So I posted a while back on my dissatisfaction with the increasing constraint to zero that the multivariate normal imposes in high-dimensional scenarios, and I also posted an alternative that I thought was somewhat promising, if more in the “sufficient stats” spirit than generative. It seemed to work well in the non-hierarchical case I presented then, but just this weekend I started working on applying it to the hierarchical case and discovered that it’s even worse in it’s bias of correlations to zero! As a sanity check (that I should have started with) I coded up a “sample from the prior” model only to discover that I’ve clearly done something fundamentally wrong that I’m hoping someone can point out.
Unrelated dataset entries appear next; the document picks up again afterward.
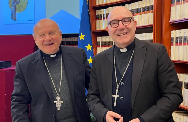 “Ho un po’ di paura di arrivare ad Assisi, sicuramente meno di quanta ne ho provata una decina di anni fa arrivando a Benevento per la prima volta, ma essere vescovo ad Assisi non è lo stesso che essere uno studioso di San Francesco. Sicuramente le fonti sono un ausilio, ma confido nel buon Dio e anche nelle persone che troverò. Sono convinto che – come a Benevento – Dio mi sarà vicino e troverò persone buone che mi aiuteranno. Mi auguro di esserne degno e al Signore chiedo che mi aiuti a non fare guai troppo grossi; che non mi tolga mai il sorriso; e che mi aiuti a stare sereno. Queste cose gliele ho chieste anche dieci anni fa e spero mi aiuti anche per la seconda parte del mio ministero episcopale”. Lo ha detto il vescovo eletto di Assisi-Nocera Umbra-Gualdo Tadino e di Foligno, mons. Felice Accrocca, al termine della presentazione del libro “Il cuore nascosto del Cantico, da sora Morte a Frate Sole, san Francesco e le strofe del vescovado”, scritto da mons. Domenico Sorrentino, amministratore apostolico delle diocesi di Assisi-Nocera Umbra-Gualdo Tadino e di Foligno. L’evento, che si è svolto ieri nella sala del Refettorio di Palazzo Mancuso a Roma, è stato quasi un passaggio di consegne ideale tra i due pastori nel segno di San Francesco; passaggio nella guida delle due diocesi che avverrà ufficialmente con la celebrazione del 25 marzo nella cattedrale di San Rufino ad Assisi e il 28 in quella di Foligno.
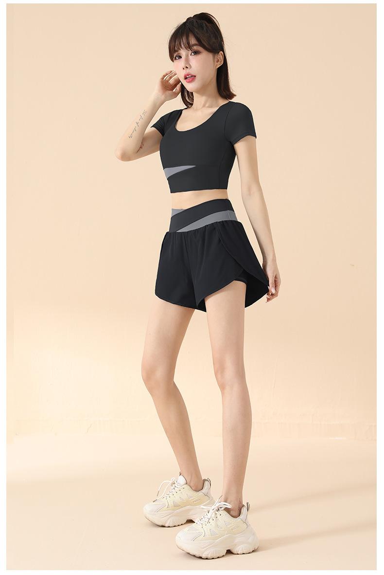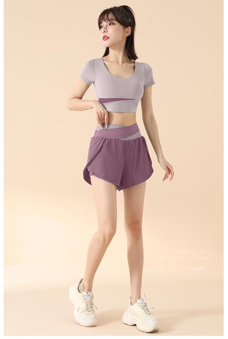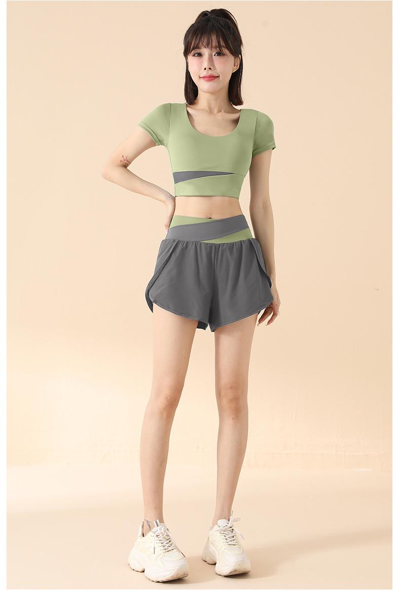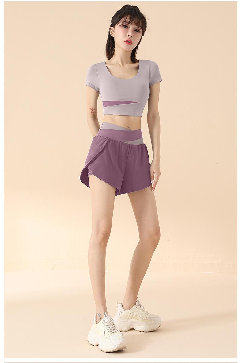 Traje de yoga (2025) para mujer, entrenamiento de pilates con almohadilla para el pecho, ropa deportiva para correr, fitness y yoga, camiseta de manga corta.
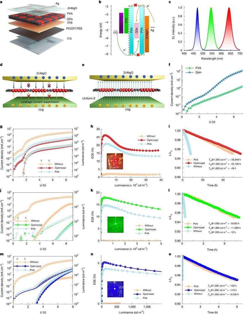 图3 无PVA势垒层、有PVA势垒层和介电常数优化的PVA势垒层的图图化RGB QLED器件的结构和光电性能© 2026 Springer Nature
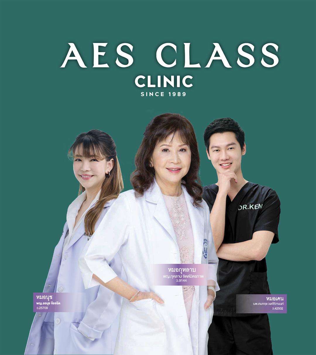เมื่อจับมือกันเป็น ‘AES CLASS CLINIC’ จากการเปิดให้บริการมานานกว่า 36 ปี ทำให้แพทย์ของคลินิกเต็มเปี่ยมไปด้วยประสบการณ์ในการรักษา และมีการส่งต่อถ่ายทอดองค์ความรู้รวมถึงเทคนิคต่าง ๆ ให้กับแพทย์จากรุ่นสู่รุ่น
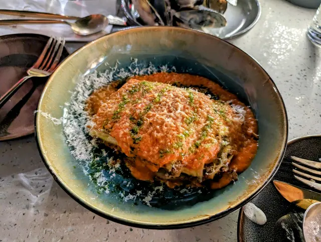 肉醬芝士千層麵,一層層麵皮夾著微酸而開胃嘅肉醬,配上大量邪惡嘅芝士碎,香濃惹味,份量雖小仍幾飽肚。
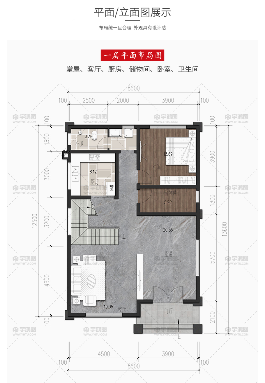 開間:8.6米 | 進深:13.6米 | 占地面積:111平方米 | 建筑面積:277平方米 |
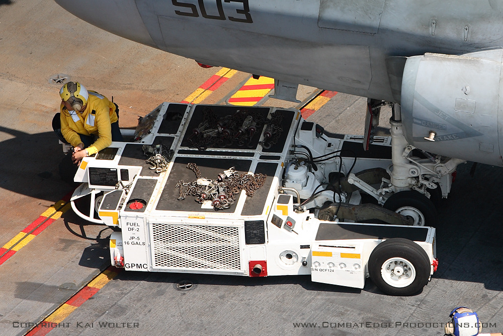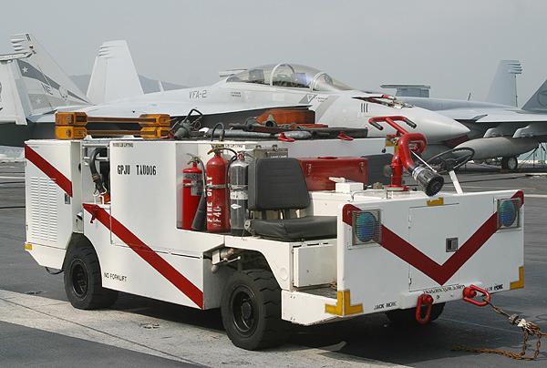 [항모에서 가장 중요한 장비중 하나가 바로 비행기들은 견인하는데 이용하는 MD-3 Navy Tractor 와 A/S32A-32 tractor 이다]
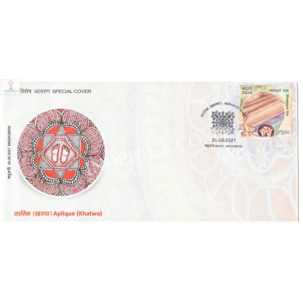 GI Tag Special Cover of Aplique Khatwa was released on 26th August 2021 Madhubani Bihar – Issued By India Post
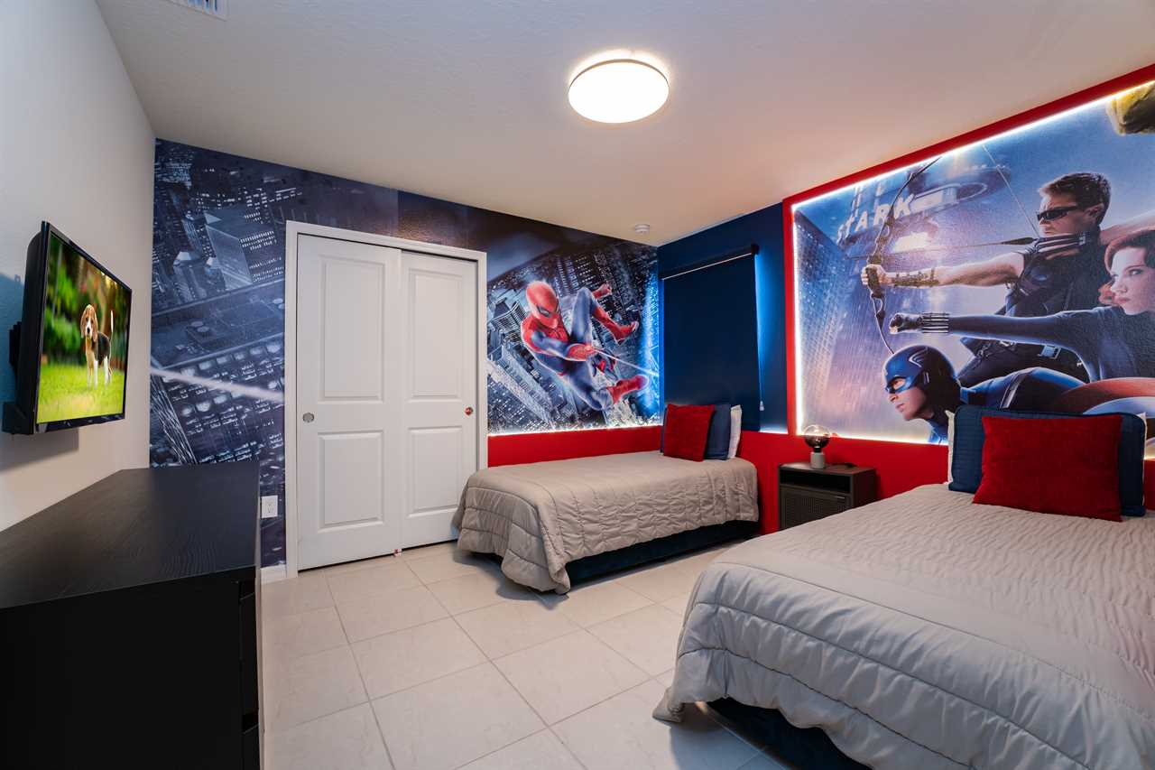 Bedroom 5 – Themed Room | Twin Beds | TV | Shared Bathroom
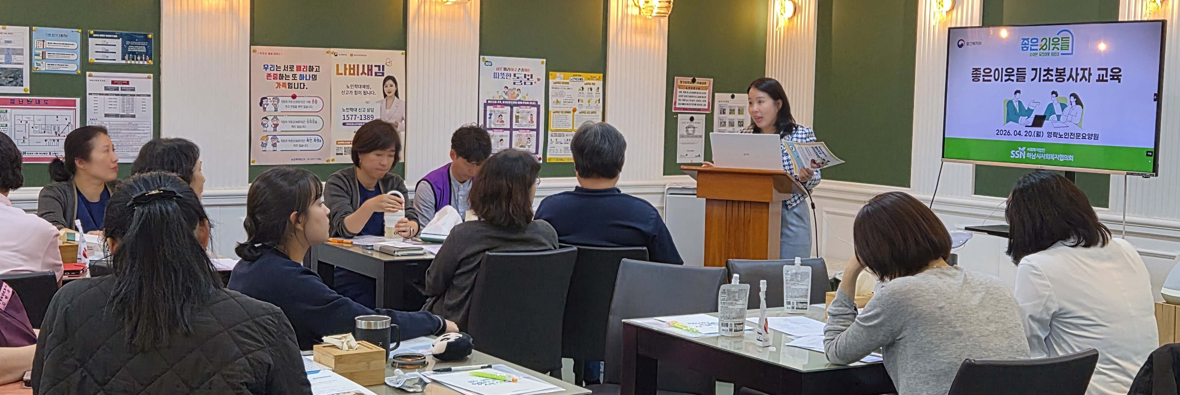 일 자: 2026년 4월 20일 (월) 장 소: 영락노인전문요양원 참석자:30여명 내 용: 복지소외계층 발굴 및 민간자원 연계ㆍ지원 사업인 좋은이웃들 2026년 4차 봉사자 기초교육을 진행하였습니다. |

To back up a bit, the standard multivariate description of the data would be that we have a latent set of n samples from a k dimensional multivariate normal, and we observe each of the n \times k latent values some number of times with some degree of measurement noise, yielding the observation level data. If we want to check that stan was producing the priors we intended for just the latent parts of this model, we’d run simply:
#include helper_functions.stan // for flatten_lower_tri()
data{
int<lower=1> n ;
int<lower=1> k ;
}
transformed data{
int num_r = (k*(k-1)) %/% 2 ; // number of correlations implied by k
}
parameters{
row_vector[k] v[n] ; // latent values
row_vector[k] v_m ; // mean for each k
vector<lower=0>[k] v_s ; // sd for each k
cholesky_factor_corr[k] r_ ; // correlations among k's (on Cholesky-factor scale)
}
model{
// priors
v_m ~ std_normal() ;
v_s ~ weibull(2,1) ;
r_ ~ lkj_corr_cholesky(1) ;
// "centered" parameterization of v
v ~ multi_normal_cholesky(
v_m
, diag_pre_multiply(v_s,r_)
) ;
}
generated quantities{
// r: the upper-tri of the correlation matrix, flattened to a vector for efficient storage
vector[num_r] r = flatten_lower_tri( multiply_lower_tri_self_transpose(r_) ) ;
}
Which we could sample then inspect that we get out the expected distributions for the parameters given their priors.
Ok, now the pairwise model seeks to avoid using the multi_normal
structure to inform on the correlations but instead iterates over the pairs of k
, computes the “empirical” correlation and uses the expected sampling distribution for a correlation to increment the target, which I’ve implemented in a “check the priors” model as:
#include helper_functions.stan // for flatten_lower_tri()
data{
int<lower=1> n ;
int<lower=1> k ;
}
transformed data{
int num_r = (k*(k-1)) %/% 2 ; // number of correlations implied by k
}
parameters{
matrix[k,n] v_ ; // helper for non-centered latent values
vector[k] v_m ; // mean for each k
vector<lower=0>[k] v_s ; // sd for each k
vector<lower=-1,upper=1>[num_r] r ; // correlations among k's
}
transformed parameters{
matrix[k,n] v ; // latent values
for(i_k in 1:k){
v[i_k] = v_m[i_k] + v_[i_k] * v_s[i_k] ;
}
}
model{
// Priors
v_m ~ std_normal() ;
v_s ~ weibull(2,1) ;
r ~ uniform(-1,1) ;
// non-centered parameterization for v
to_vector(v_) ~ std_normal() ; // implies v[i_k] ~ normal(v_m[i_k],v_s[i_k])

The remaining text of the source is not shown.